DHL-MM: Dynamic Hodge-Lie Matrix Multiplication

Fast Lie algebra multiplication for all five exceptional algebras (G₂, F₄, E₆, E₇, E₈) using sparse structure constants. Eight modules: equivariant PyTorch layers, JAX backend, lattice gauge theory, RKMK Lie group integrators, quantum simulation, PyTorch Geometric integration, and a C++ extension hitting 993× over dense.

pip install dhl-mm

$$z_k ;=; \Pi^{h^2}_\varphi ;\frac{1}{2} !!!\sum_{(i,,j,,k),\in, \mathcal{F}(\mathfrak{g})} !!! x_i ; y_j ; f_{ij}^{;k} ;, \qquad 3 \notin \lbrace \deg C_p(\mathfrak{g}) \rbrace ;;\forall; \mathfrak{g} \in \lbrace G_2,, F_4,, E_6,, E_7,, E_8 \rbrace$$

Left: the computation — sparse gather-multiply-scatter over nonzero structure constants $\mathcal{F}(\mathfrak{g})$, with Z[φ] lattice projection $\Pi^{h^2}_\varphi$ for error control. Right: why it works — no exceptional algebra has a degree-3 Casimir invariant, so the symmetric $d$-tensor vanishes and antisymmetric constants capture the full product.

Quick Start

import dhl_mm

# Load any exceptional algebra — cached, <25ms
e8 = dhl_mm.algebra("E8")
g2 = dhl_mm.algebra("G2")

# Sparse Lie bracket (913× fewer ops than dense for E8)
import numpy as np
x, y = np.random.randn(248), np.random.randn(248)
z = e8.bracket(x, y)

Differentiable PyTorch bracket

from equivariant import SparseLieBracket
import torch

bracket = SparseLieBracket.from_algebra("E8")  # or "G2", "F4", "E6", "E7"
x = torch.randn(248, requires_grad=True)
y = torch.randn(248)
z = bracket(x, y)       # full autograd support
z.sum().backward()       # gradients flow through sparse scatter-add

Adjoint-equivariant neural network

from equivariant import ExceptionalEGNN

model = ExceptionalEGNN(
    in_dim=14, hidden_dim=32, out_dim=1,
    n_layers=3, algebra_name="G2", equivariant=True
)
nodes = torch.randn(10, 14)
edge_index = torch.tensor([[0,1,2,3],[1,2,3,0]], dtype=torch.long)
prediction = model(nodes, edge_index)

PyTorch Geometric

from dhl_mm.pyg import LieBracketConv  # requires torch_geometric

conv = LieBracketConv("E8", equivariant=True)
out = conv(node_features, edge_index)   # equivariant message passing

Lattice gauge theory

from dhl_mm import GaugeLattice

lat = GaugeLattice((8, 8), algebra_name="E8")  # 8×8 lattice, E8 gauge group
lat.hot_start(scale=0.5)
result = lat.thermalize(n_sweeps=100, beta=1.0)
print(f"Average plaquette: {result['average_plaquettes'][-1]:.4f}")

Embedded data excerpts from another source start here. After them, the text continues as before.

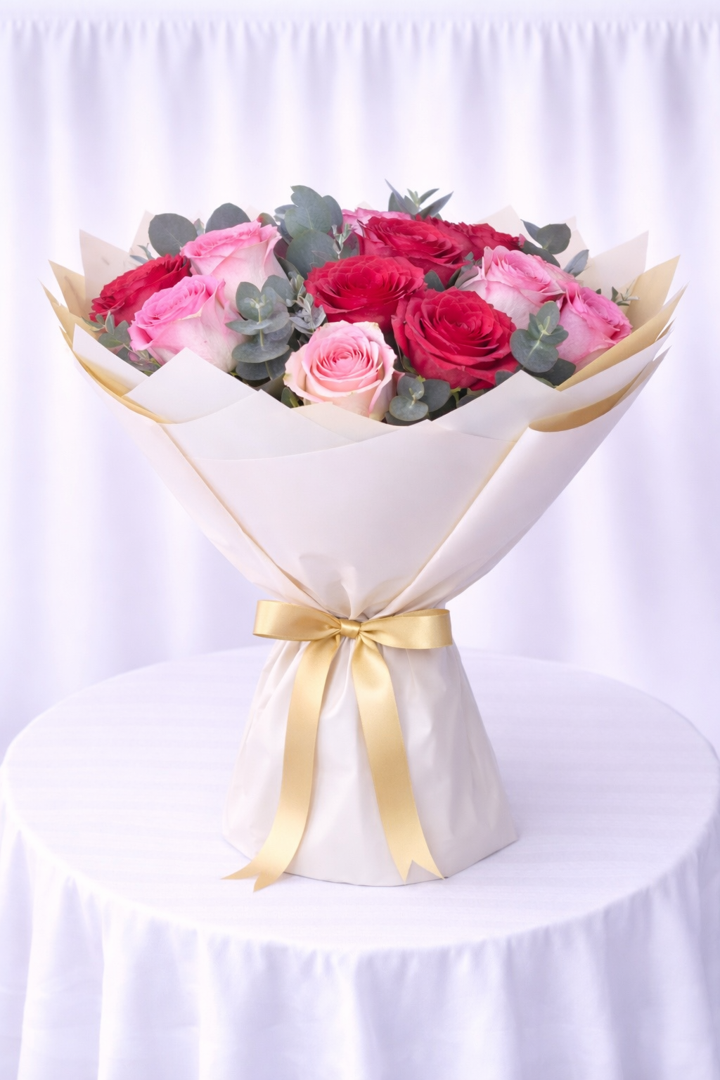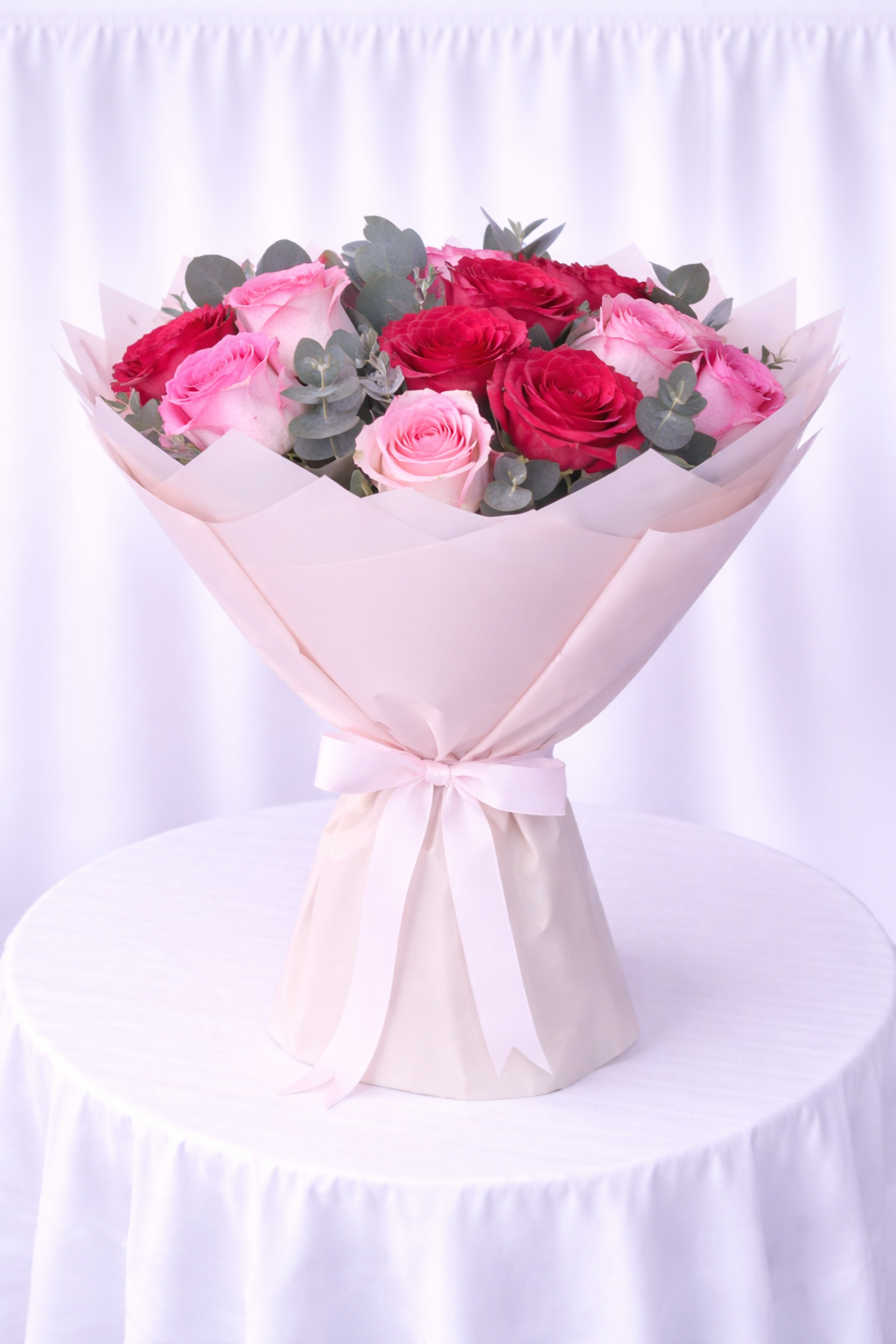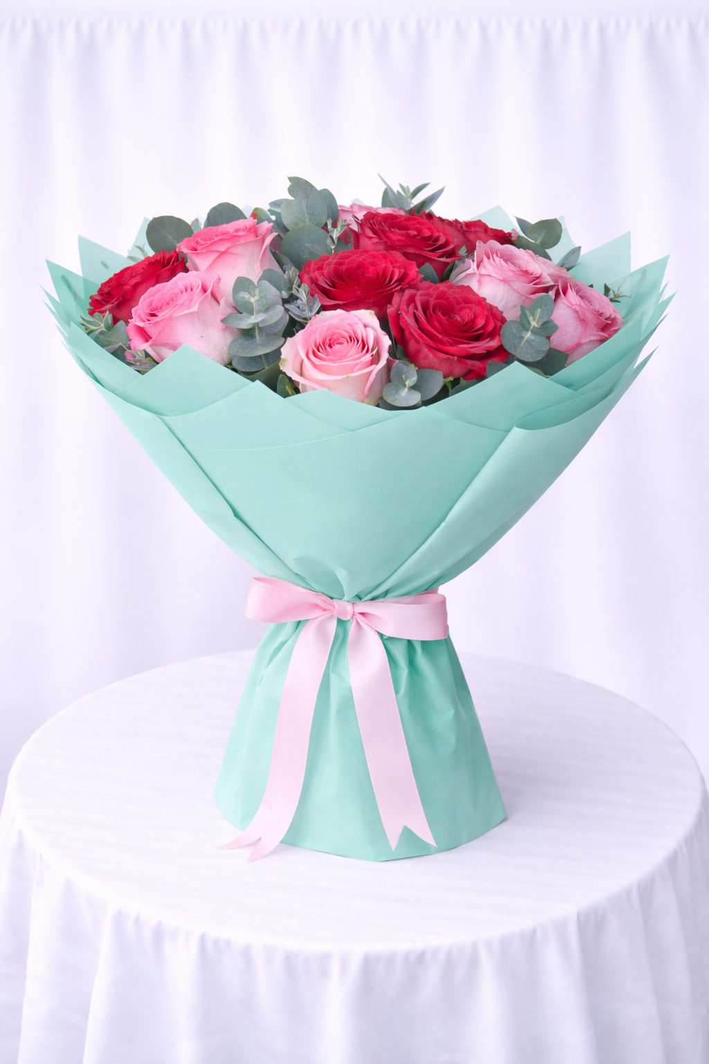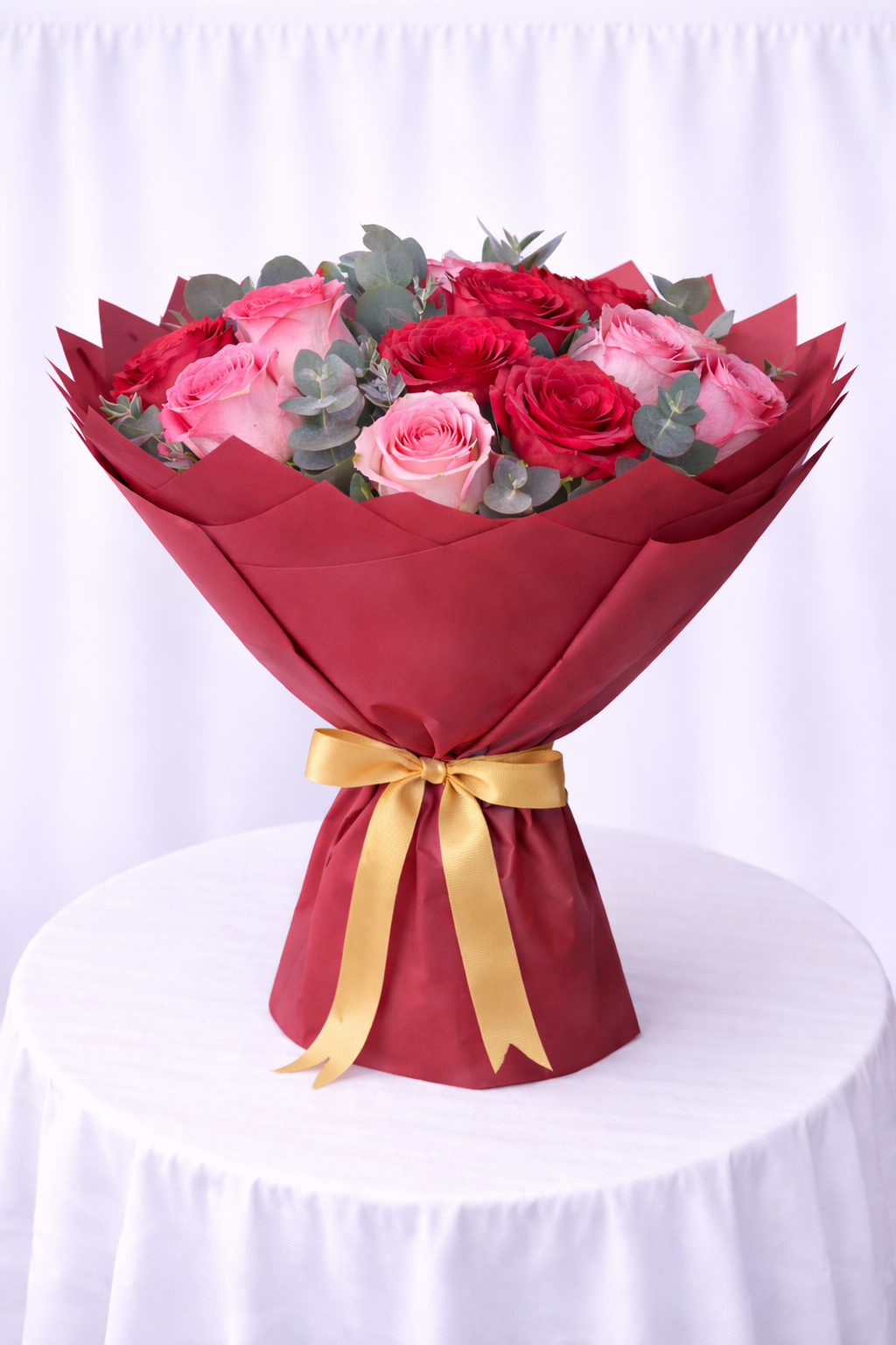 Fresh Red Roses And Rivaval Pink Roses And Eucalyptus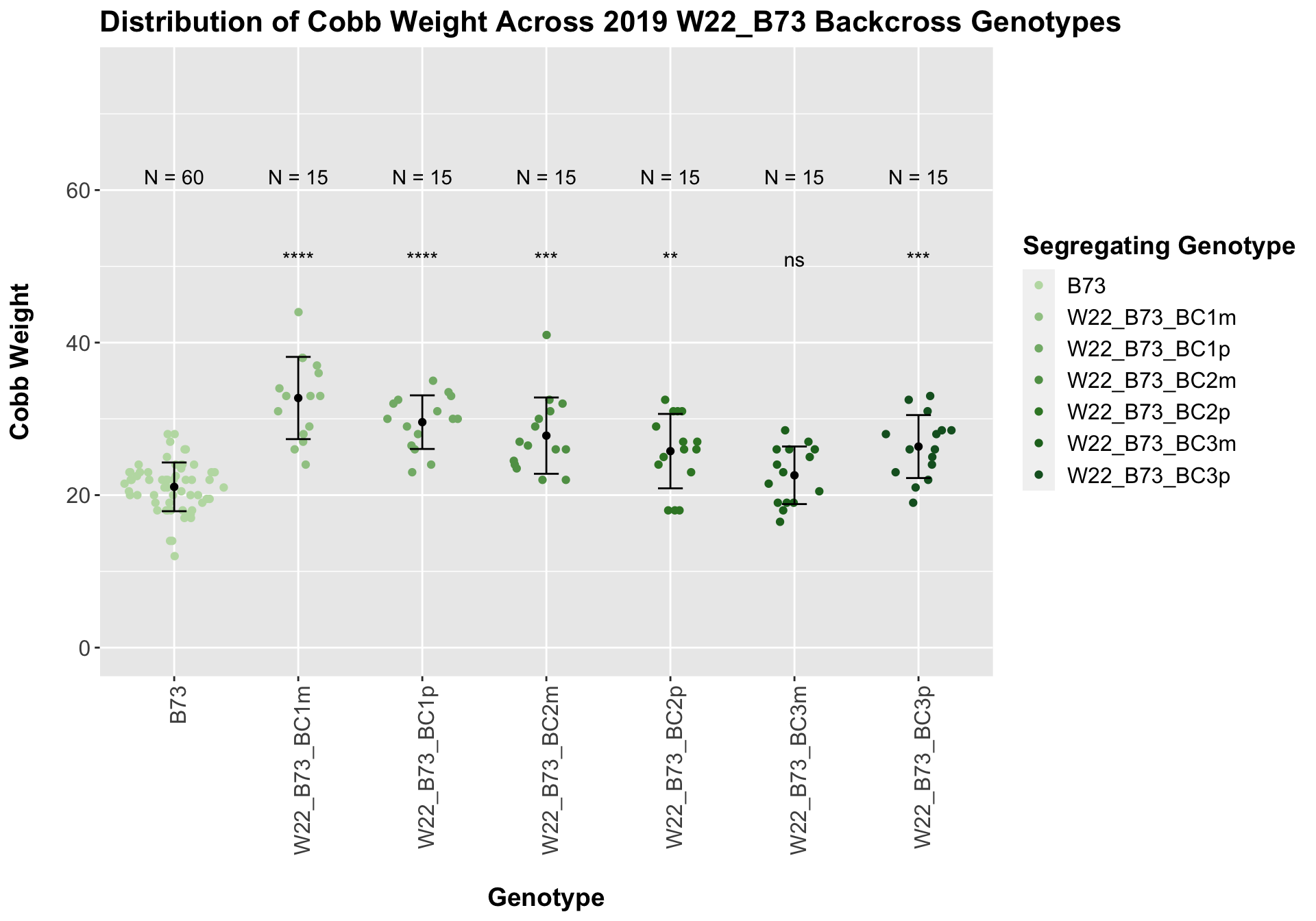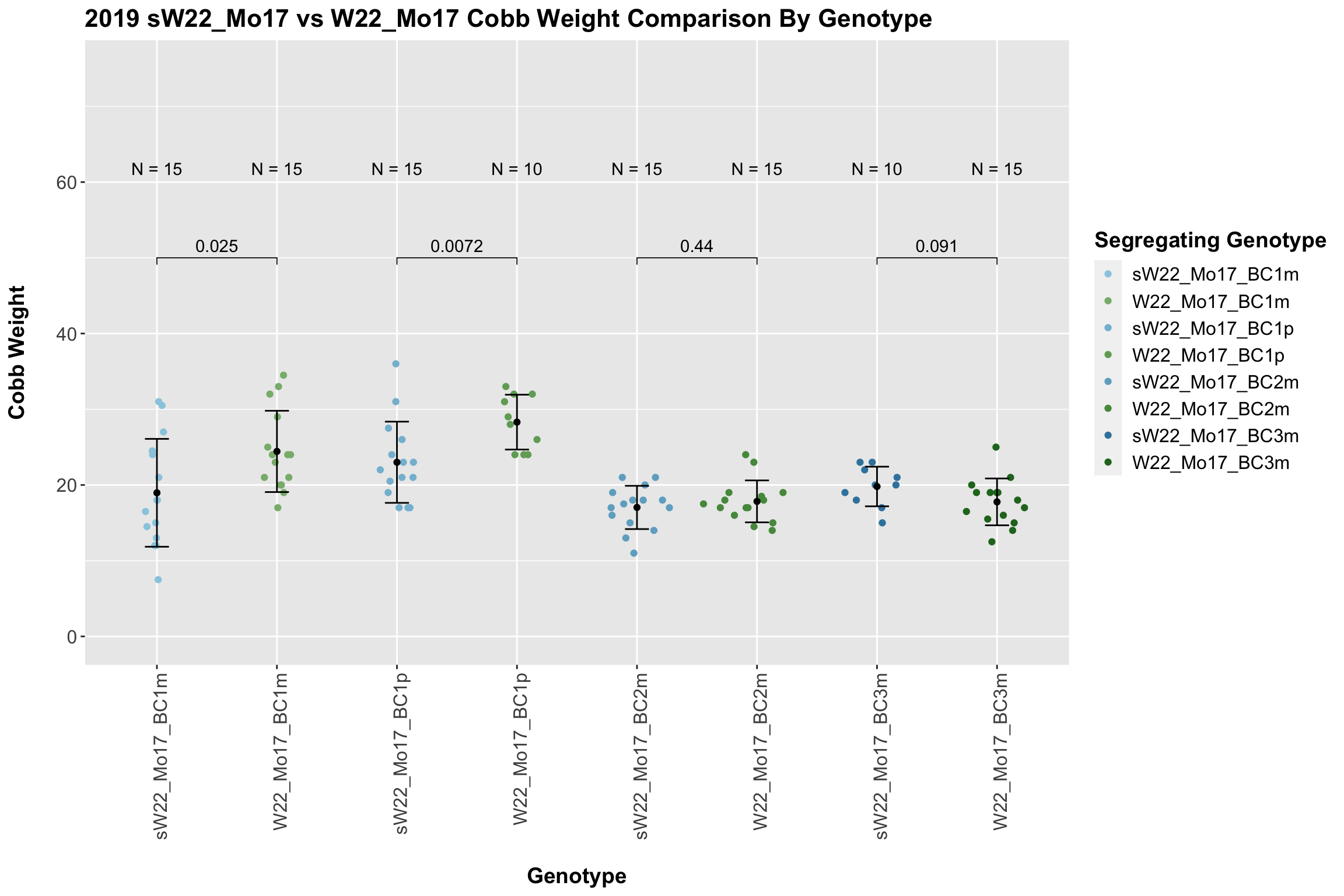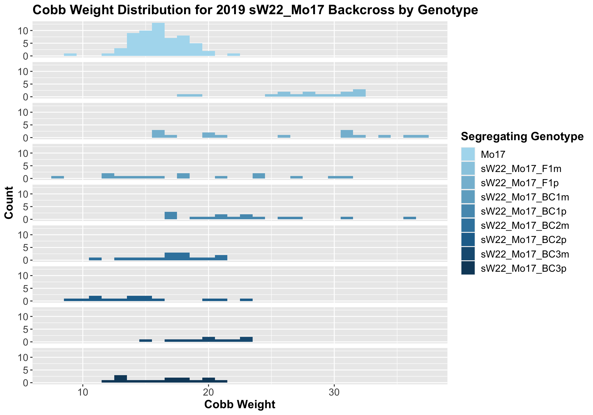 We see a significant increase in cobb weight at the sW22_Mo17 F1s that declines across subsequent backcrosses. By the later generations, it is not that different from the Mo17 cobb weight. This is similar to what we saw for the sW22_B73 backcross.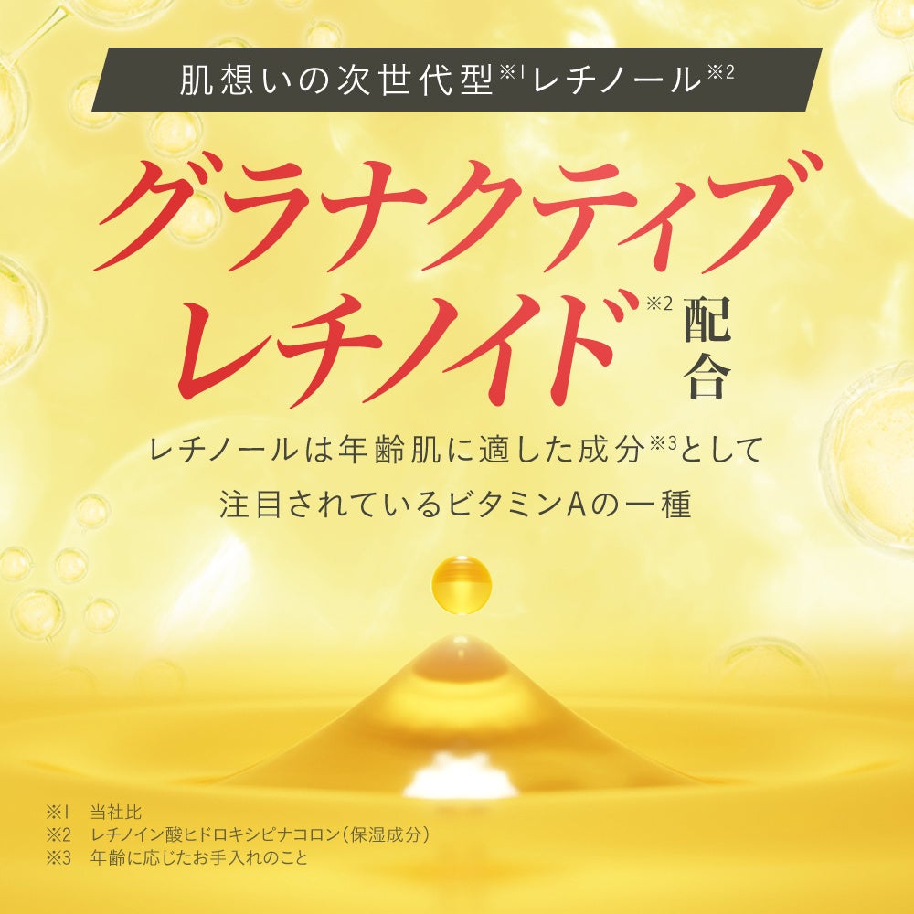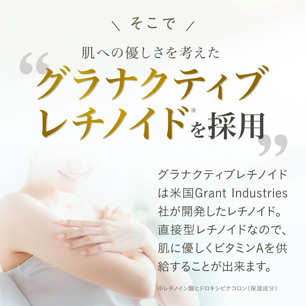 KIWAMI RTボディクリームは、肌想いの次世代※1レチノール※2「グラナクティブレチノイド※2」を配合した保湿クリームです。うるおいを与えて、なめらかでツヤのある肌に整えます。レチノールは年齢肌に適した成分※3として注目されているビタミンAの一種で、グラナクティブレチノイドは米国Grant Industries社が開発したレチノイドです。

RKMK Lie group integrators

from dhl_mm import RKMKIntegrator

rk = RKMKIntegrator("E8")
flow = lambda t, y: rk.alg.bracket(H, y)  # adjoint flow dy/dt = [H, y]
result = rk.solve(flow, y0, t_span=(0, 1), dt=0.01, method='rk4')
# 4th-order convergence with BCH bracket corrections

Quantum simulation

from dhl_mm import E8SpinLattice

lattice = E8SpinLattice(n_sites=8, algebra_name="E8")
state = lattice.random_initial_state()
trajectory = lattice.evolve(state, dt=0.001, steps=500, order=2)
# 8 sites × 500 steps in ~4 seconds on CPU

JAX backend

from dhl_mm import jax_algebra

alg = jax_algebra("E8")                     # JIT-compiled sparse bracket
z = alg.bracket(x, y)                       # automatic differentiation via custom_jvp
zs = alg.batch_bracket(xs, ys)              # vmap over batch dimension

Quantum Simulation Results

Lie-algebra-valued lattice dynamics under adjoint commutator flow. The sparse bracket makes it feasible to simulate E₈-valued spin chains on CPU.

Killing norm conservation — flat line proves the integrator preserves algebraic structure. Drift ~3×10⁻⁶ over 500 steps.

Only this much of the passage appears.